How this skill works
The skill inspects channel data (email, social, paid, SEO, content) and maps metrics to funnel stages and business outcomes. It identifies directional trends, inflection points, seasonality, and anomalies, then applies simple forecasting and attribution logic to generate hypotheses. Finally, it produces prioritized optimization steps and reporting templates (weekly, monthly, quarterly) tailored to decision cadence.
When to use it
- Preparing weekly, monthly, or quarterly performance reports for stakeholders
- Reviewing campaign results to identify what's working and what needs improvement
- Analyzing channel health (email deliverability, social engagement, paid efficiency, SEO visibility)

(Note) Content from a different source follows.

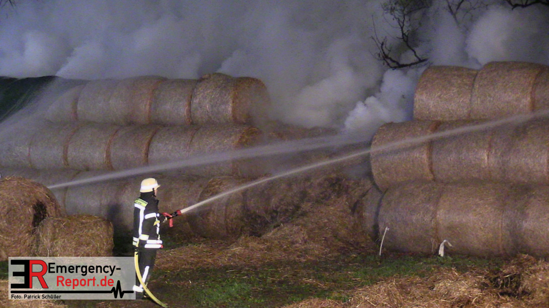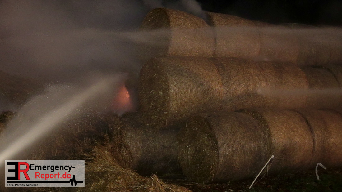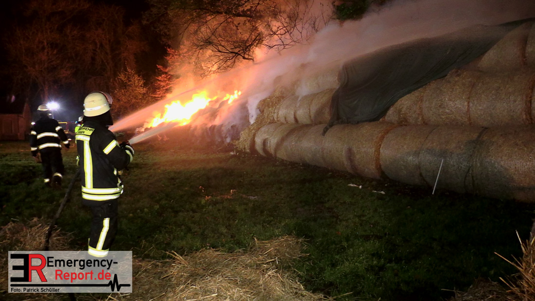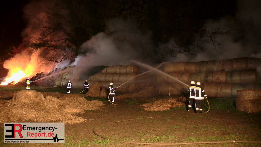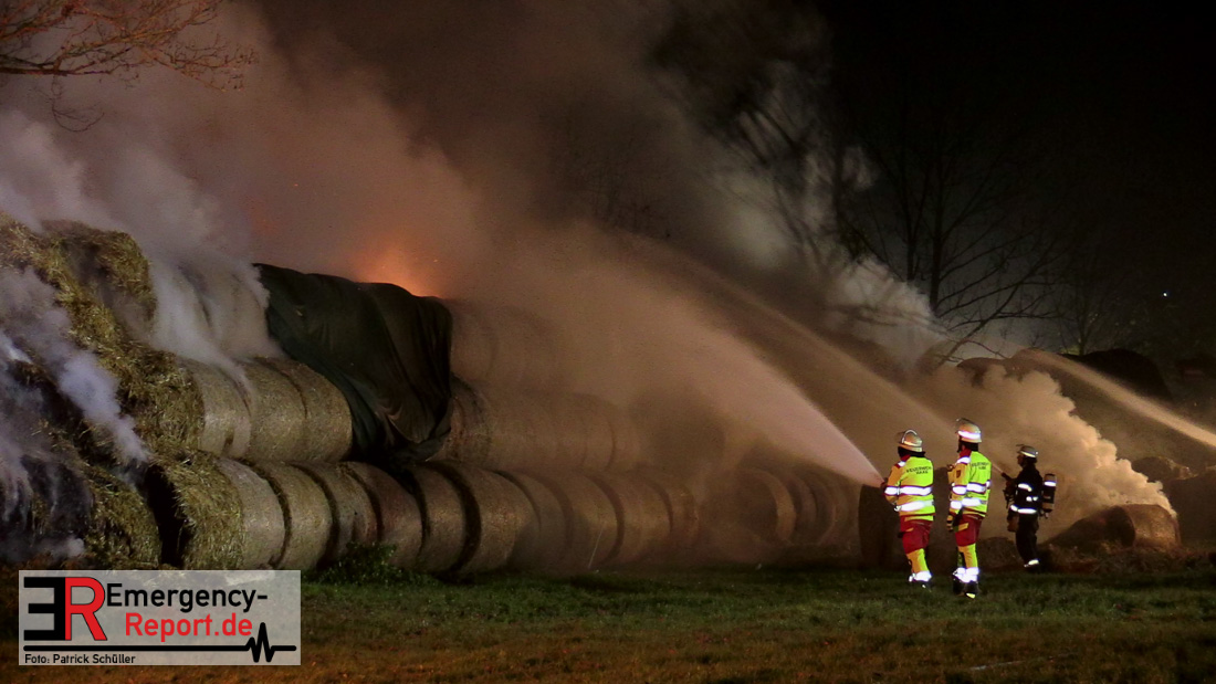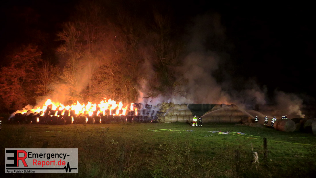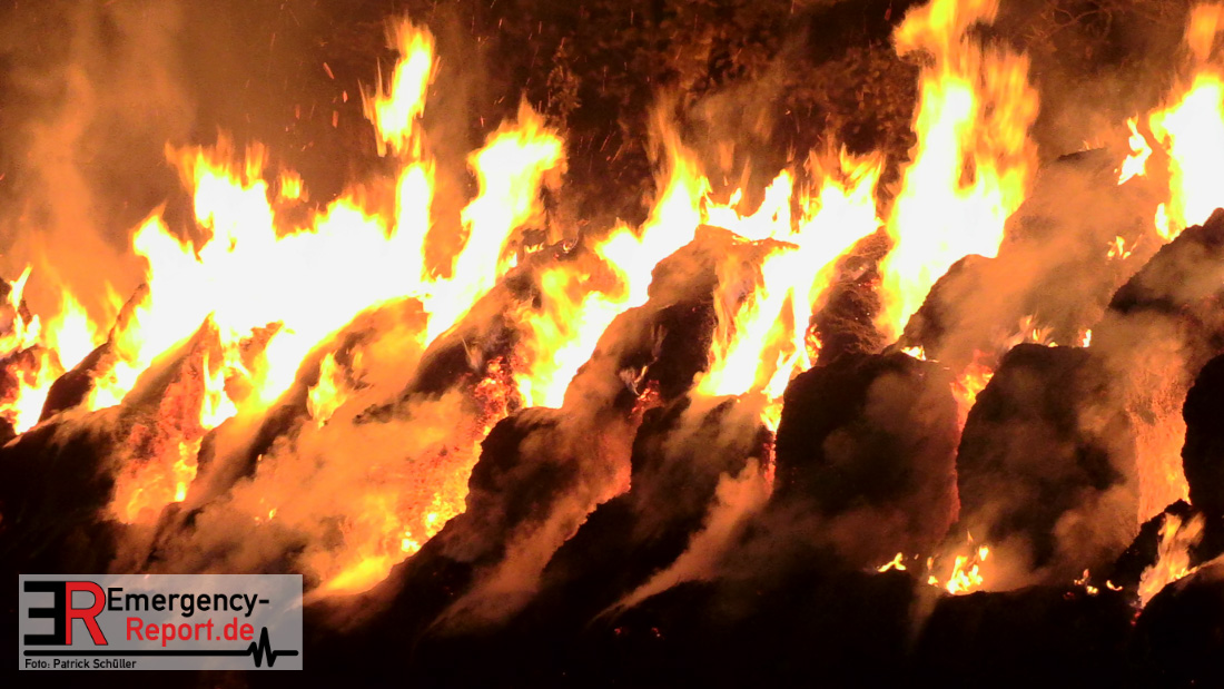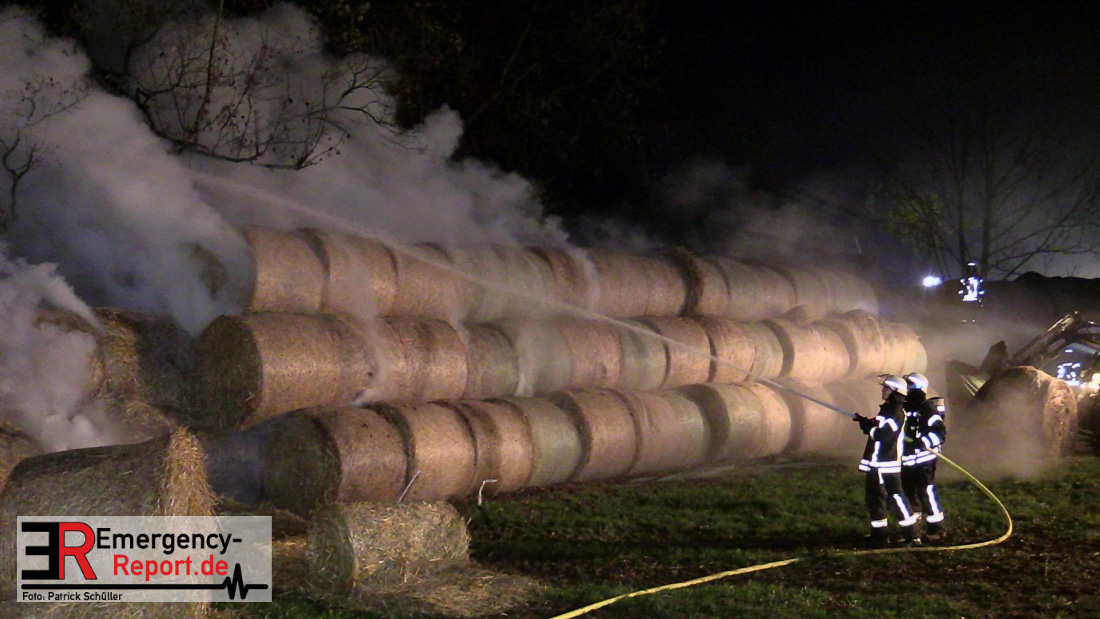 Beim Eintreffen der ersten Kräfte brannte ein Teil, einer aus 400 Ballen bestehenden Strohmiete auf einem Feld, sodass eine Alarmstufenerhöhung durchgeführt wurde. In diesem Zuge wurde ebenfalls Sirenenalarm ausgelöst, um alle verfügbaren Einsatzkräfte zu alarmieren. Gleichzeitig wurde die Bevölkerung über die gängigen Warnapps vor möglichen Geruchsbelästigungen gewarnt und gebeten Fenster und Türen geschlossen zu halten.

- Building forecasts or scenario models for short-term planning
- Designing and prioritizing optimization tests across the funnel
Best practices
- Lead reports with metrics tied to business objectives and show trends over time
- Compare metrics to prior period, targets, and benchmarks for context
- Start attribution with last-touch if no model exists, then compare multi-touch perspectives
- Prioritize tests by impact and effort: high-impact/low-effort first
- Test one variable at a time, predefine success metrics, and run for a full business cycle
- Present forecasts as ranges and flag low-confidence predictions when data is limited
Example use cases
- Generate a weekly marketing snapshot for standups listing top metrics, wins, and priorities
- Audit an underperforming email program using deliverability, open, CTR, and conversion benchmarks
- Assess paid campaigns to calculate CPC, CPA, ROAS, and recommend budget reallocation
- Perform trend analysis on organic traffic to identify seasonal patterns and top entry pages
- Develop a prioritized A/B testing roadmap to improve funnel conversion rates
FAQ
Start with last-touch for simplicity and actionability, then compare with first-touch and position-based models to understand awareness vs. conversion drivers.
How many data points do I need for trend analysis?
Aim for at least 8-12 periods for meaningful directional trends; fewer points reduce confidence and should be labeled low confidence.